(GIVEN RECORDS)
========

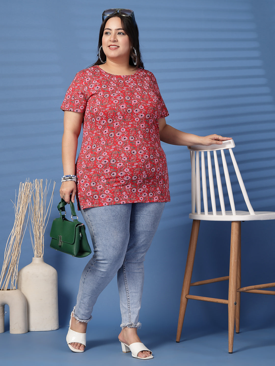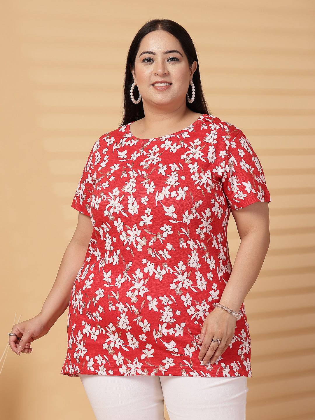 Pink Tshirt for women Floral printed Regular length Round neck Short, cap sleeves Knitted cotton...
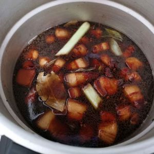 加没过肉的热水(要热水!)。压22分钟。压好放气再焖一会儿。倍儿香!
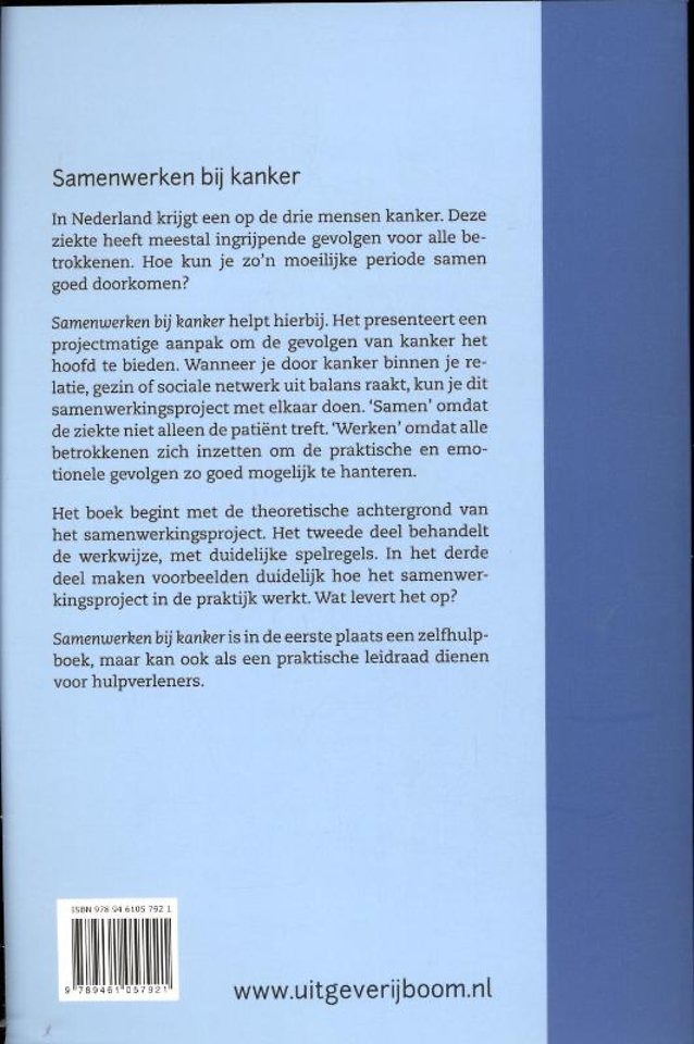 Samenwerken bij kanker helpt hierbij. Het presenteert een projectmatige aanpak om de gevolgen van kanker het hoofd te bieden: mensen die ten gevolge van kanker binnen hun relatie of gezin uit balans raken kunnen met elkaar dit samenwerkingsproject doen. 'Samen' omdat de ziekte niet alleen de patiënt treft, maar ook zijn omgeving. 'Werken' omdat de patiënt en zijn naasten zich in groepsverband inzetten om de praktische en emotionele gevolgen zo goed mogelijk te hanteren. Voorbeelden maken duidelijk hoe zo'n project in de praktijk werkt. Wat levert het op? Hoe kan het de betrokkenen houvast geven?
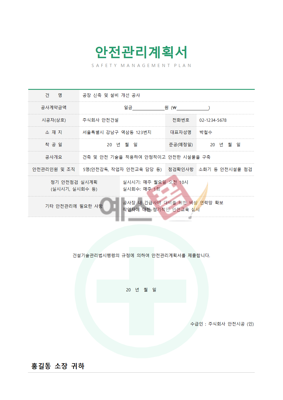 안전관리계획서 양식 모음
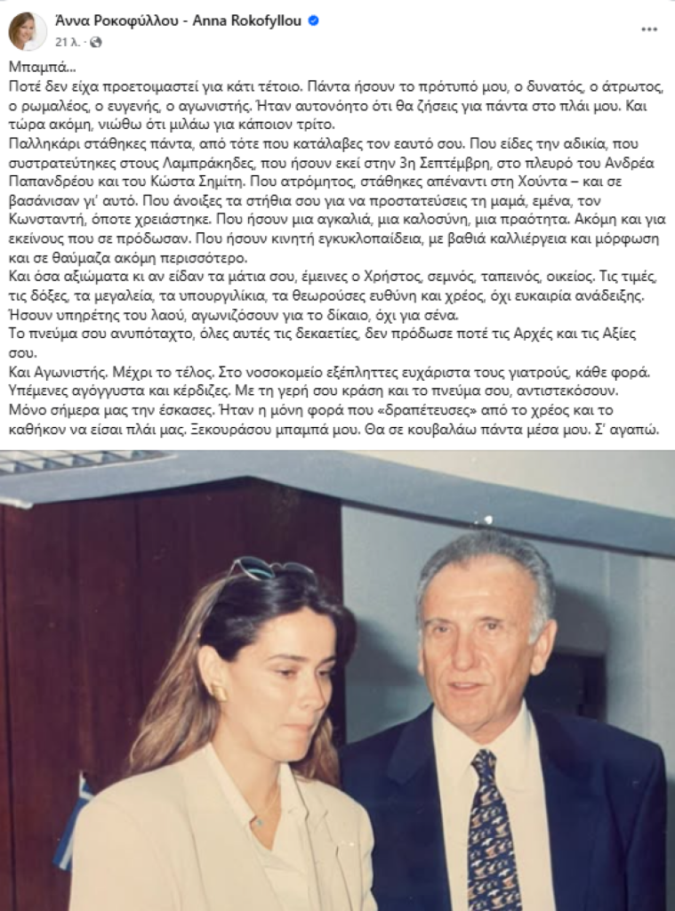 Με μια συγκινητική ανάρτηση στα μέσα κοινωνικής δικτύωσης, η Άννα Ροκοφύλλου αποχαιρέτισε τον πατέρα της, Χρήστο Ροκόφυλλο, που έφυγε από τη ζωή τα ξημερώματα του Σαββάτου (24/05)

========

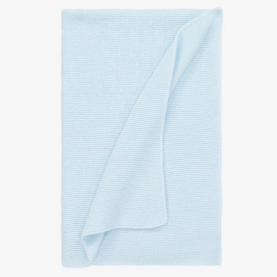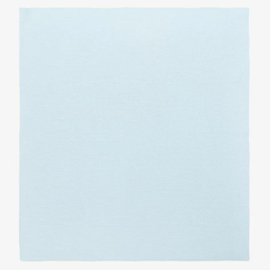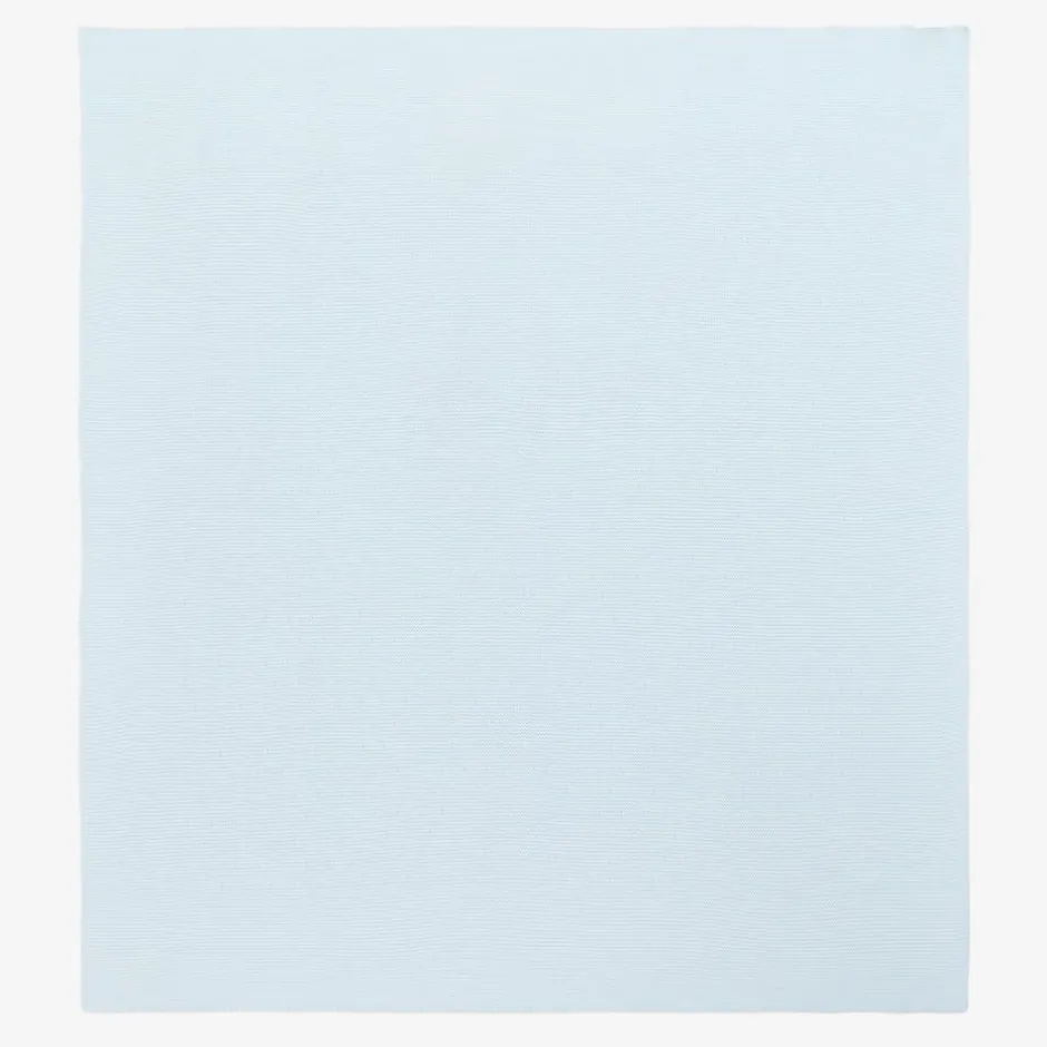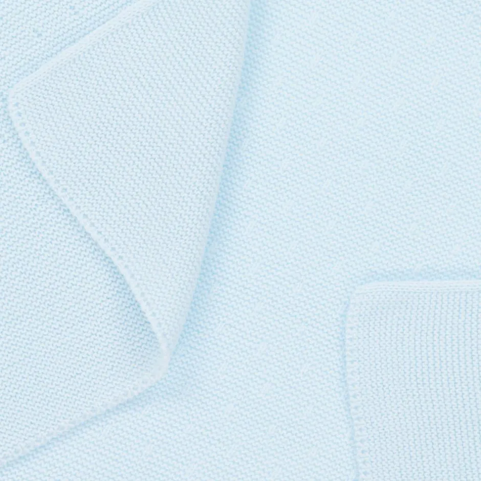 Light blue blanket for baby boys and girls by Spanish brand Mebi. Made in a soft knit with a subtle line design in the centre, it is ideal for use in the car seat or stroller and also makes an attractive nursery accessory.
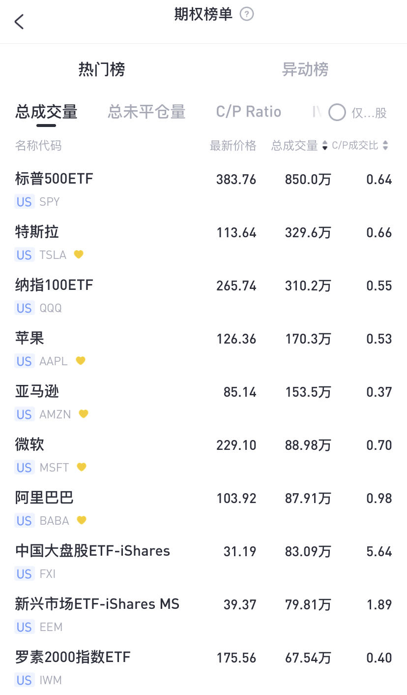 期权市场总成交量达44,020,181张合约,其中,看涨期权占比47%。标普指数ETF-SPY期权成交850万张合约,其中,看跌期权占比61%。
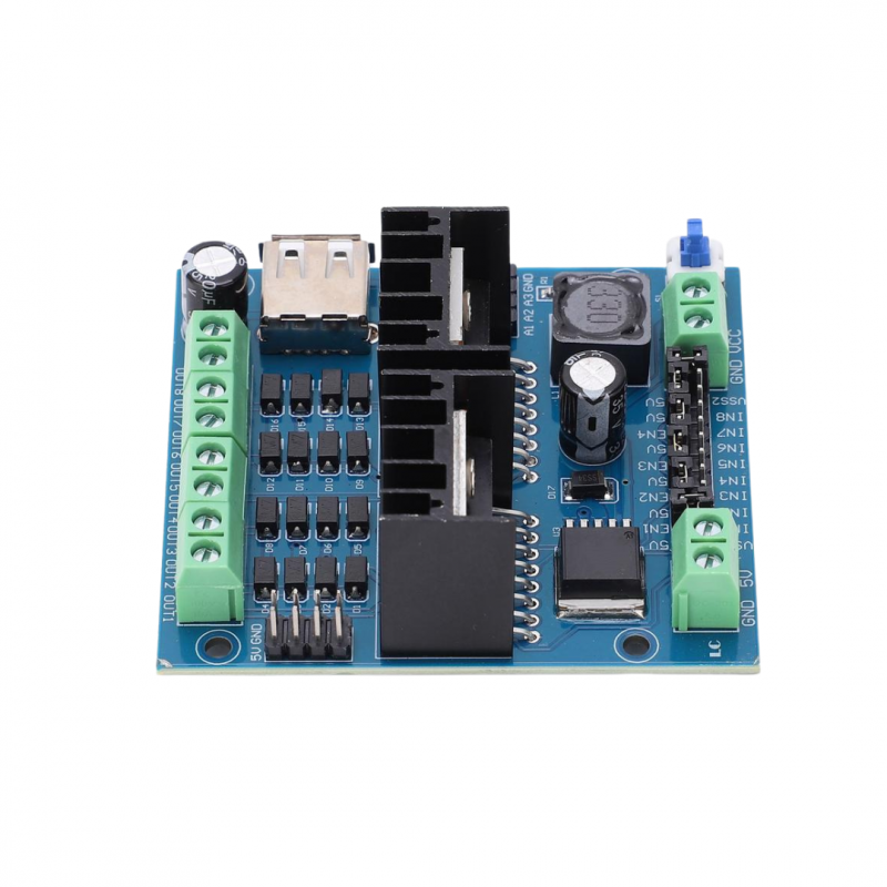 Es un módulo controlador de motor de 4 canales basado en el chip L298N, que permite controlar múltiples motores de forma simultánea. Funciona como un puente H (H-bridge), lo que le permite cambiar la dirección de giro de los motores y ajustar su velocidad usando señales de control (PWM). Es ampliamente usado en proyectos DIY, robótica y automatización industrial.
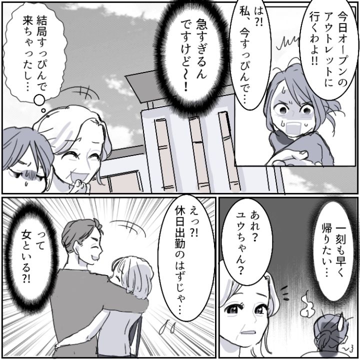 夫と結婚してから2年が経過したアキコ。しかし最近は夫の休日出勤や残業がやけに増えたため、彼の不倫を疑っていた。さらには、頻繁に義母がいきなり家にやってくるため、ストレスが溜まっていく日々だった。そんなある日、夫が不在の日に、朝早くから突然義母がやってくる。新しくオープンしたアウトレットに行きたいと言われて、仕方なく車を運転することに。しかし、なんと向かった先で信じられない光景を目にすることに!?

========

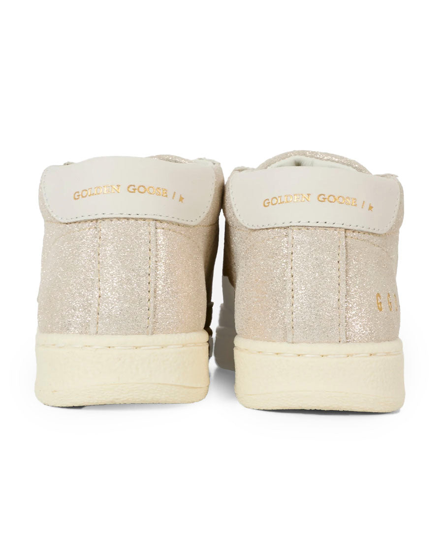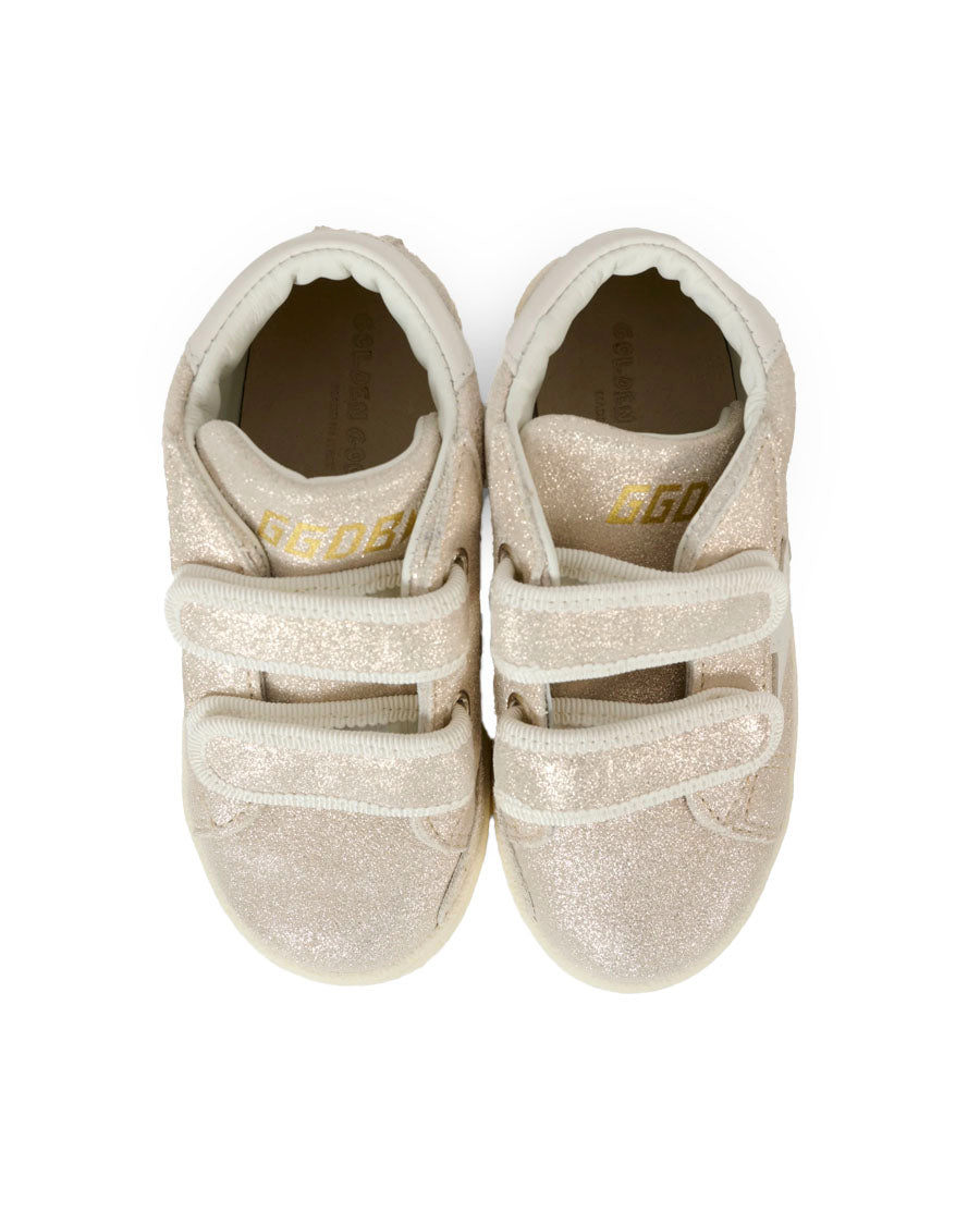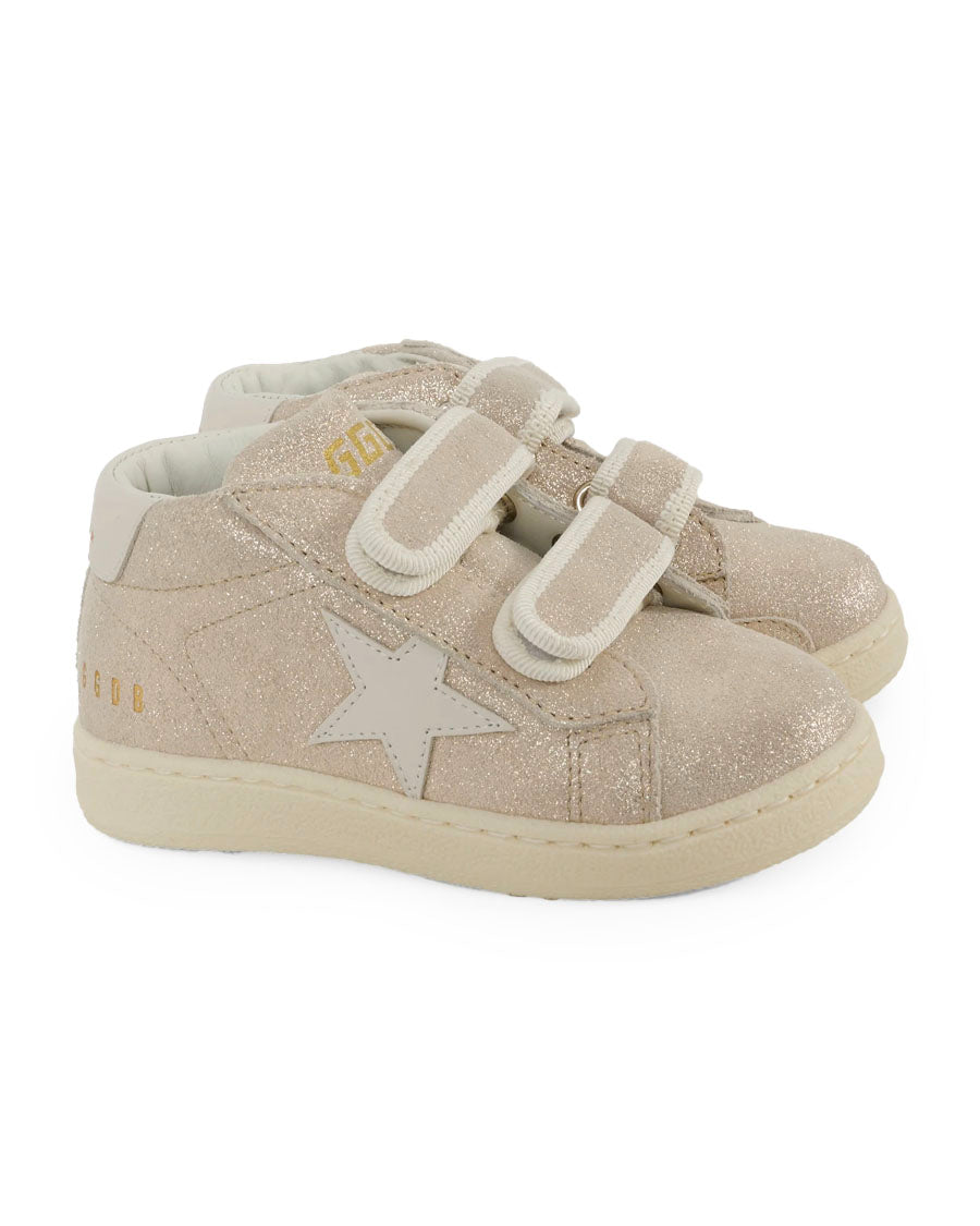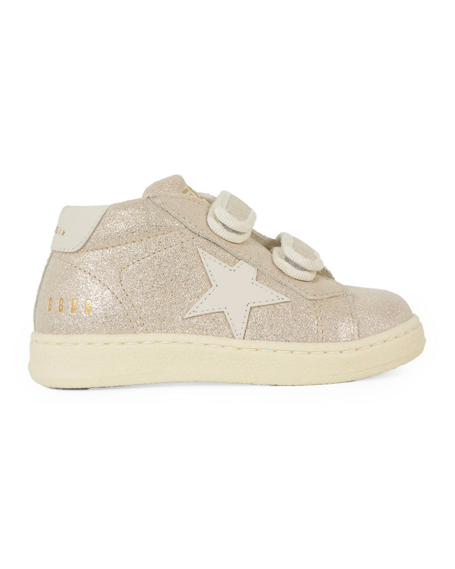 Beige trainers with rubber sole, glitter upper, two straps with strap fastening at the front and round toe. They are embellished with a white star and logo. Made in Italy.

========

(DESCRIPTION OF THE TASK) The material above holds pictures; leave them out. Repeat exactly the lines from the one containing "Pink Tshirt for" through the one containing "Με μια συγκινητική", and nothing else.

(EXPECTED ANSWER)
 Pink Tshirt for women Floral printed Regular length Round neck Short, cap sleeves Knitted cotton...
 加没过肉的热水(要热水!)。压22分钟。压好放气再焖一会儿。倍儿香!
 Samenwerken bij kanker helpt hierbij. Het presenteert een projectmatige aanpak om de gevolgen van kanker het hoofd te bieden: mensen die ten gevolge van kanker binnen hun relatie of gezin uit balans raken kunnen met elkaar dit samenwerkingsproject doen. 'Samen' omdat de ziekte niet alleen de patiënt treft, maar ook zijn omgeving. 'Werken' omdat de patiënt en zijn naasten zich in groepsverband inzetten om de praktische en emotionele gevolgen zo goed mogelijk te hanteren. Voorbeelden maken duidelijk hoe zo'n project in de praktijk werkt. Wat levert het op? Hoe kan het de betrokkenen houvast geven?
 안전관리계획서 양식 모음
 Με μια συγκινητική ανάρτηση στα μέσα κοινωνικής δικτύωσης, η Άννα Ροκοφύλλου αποχαιρέτισε τον πατέρα της, Χρήστο Ροκόφυλλο, που έφυγε από τη ζωή τα ξημερώματα του Σαββάτου (24/05)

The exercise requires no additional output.